Virtual Projects

High-performance computing service for bioinformatics and data science

Jean-Paul Courneya, Alexa Mayo

doi: http://dx.doi.org/10.5195/jmla.2018.512

Received 01 May 2018: Accepted 01 June 2018

ABSTRACT

Despite having an ideal setup in their labs for wet work, researchers often lack the computational infrastructure to analyze the magnitude of data that result from “-omics” experiments. In this innovative project, the library supports analysis of high-throughput data from global molecular profiling experiments by offering a high-performance computer with open source software along with expert bioinformationist support. The audience for this new service is faculty, staff, and students for whom using the university’s large scale, CORE computational resources is not warranted because these resources exceed the needs of smaller projects. In the library’s approach, users are empowered to analyze high-throughput data that they otherwise would not be able to on their own computers. To develop the project, the library’s bioinformationist identified the ideal computing hardware and a group of open source bioinformatics software to provide analysis options for experimental data such as scientific images, sequence reads, and flow cytometry files. To close the loop between learning and practice, the bioinformationist developed self-guided learning materials and workshops or consultations on topics such as the National Center for Biotechnology Information’s BLAST, Bioinformatics on the Cloud, and ImageJ. Researchers apply the data analysis techniques that they learned in the classroom in the library’s ideal computing environment.

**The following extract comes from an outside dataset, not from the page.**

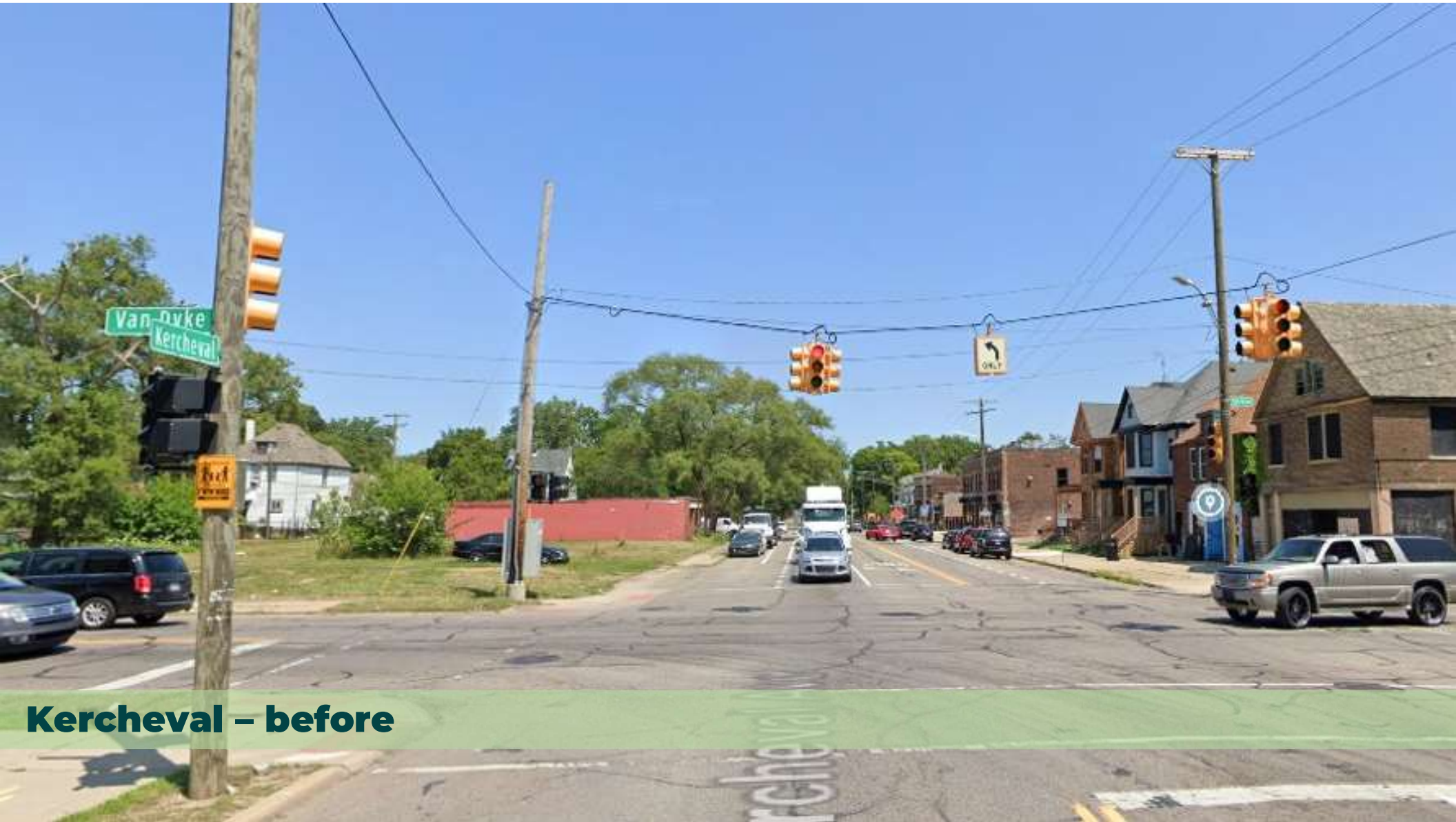
Kercheval – before

Despite having an ideal setup in their labs for wet work, researchers often lack the computational infrastructure to analyze the magnitude of data that results from genomics, transcriptomics, and proteomics experiments. To address this need, the Health Sciences and Human Services Library at the University of Maryland, Baltimore, has developed an innovative program supporting analysis of high-throughput data from global molecular profiling experiments by offering a high-performance computer (HPC) with open source software, along with expert bioinformationist support. The intended audience for this new service is faculty, staff, and students for whom using the university’s large scale, CORE computational resources is not warranted. In the library’s approach, users are empowered to analyze high-throughput data beyond what they would be able to do on their own computers.

The library began this project by responding to an internal, university request for funding projects to support faculty, staff, and students and received notice of funding in the summer of 2017. The bioinformationist then consulted with campus and external experts and colleagues to research hardware and software options for the HPC. Software and hardware were acquired, installed, and configured with assistance from the library’s information technology network administrator. In the fall of 2017, rigorous testing was performed to ensure the hardware and software were operational to expectations. As a result of this testing, a network-attached storage device was added to back up the drives and data that run the HPC. The new service was launched in late fall 2017 and promoted throughout the university.

The HPC has state-of-the-art hardware and commercial and open source software for performing analysis of experimental data, such as scientific images, sequence reads, and flow cytometry files (Figure 1). The HPC includes a Dell Tower with an 8-core Intel Xeon E5-2667 v4 @3.20GHz CPU, which is the same type of processor used in most data centers. The HPC has 128GB of RAM and an 8TB solid state hard drive for running the virtual machines.


Figure 1 System profile

This project demonstrates the importance of using bioinformatics tools for closing the loop between learning and practice. This was accomplished by the bioinformationist developing self-guided learning materials and workshops or consultations on topics such as downloading publicly available sequence data, the National Center for Biotechnology Information’s BLAST, command line for Genomics, and ImageJ. Researchers then can apply the data analysis techniques that they learned in the classroom in an ideal computing environment with expert support.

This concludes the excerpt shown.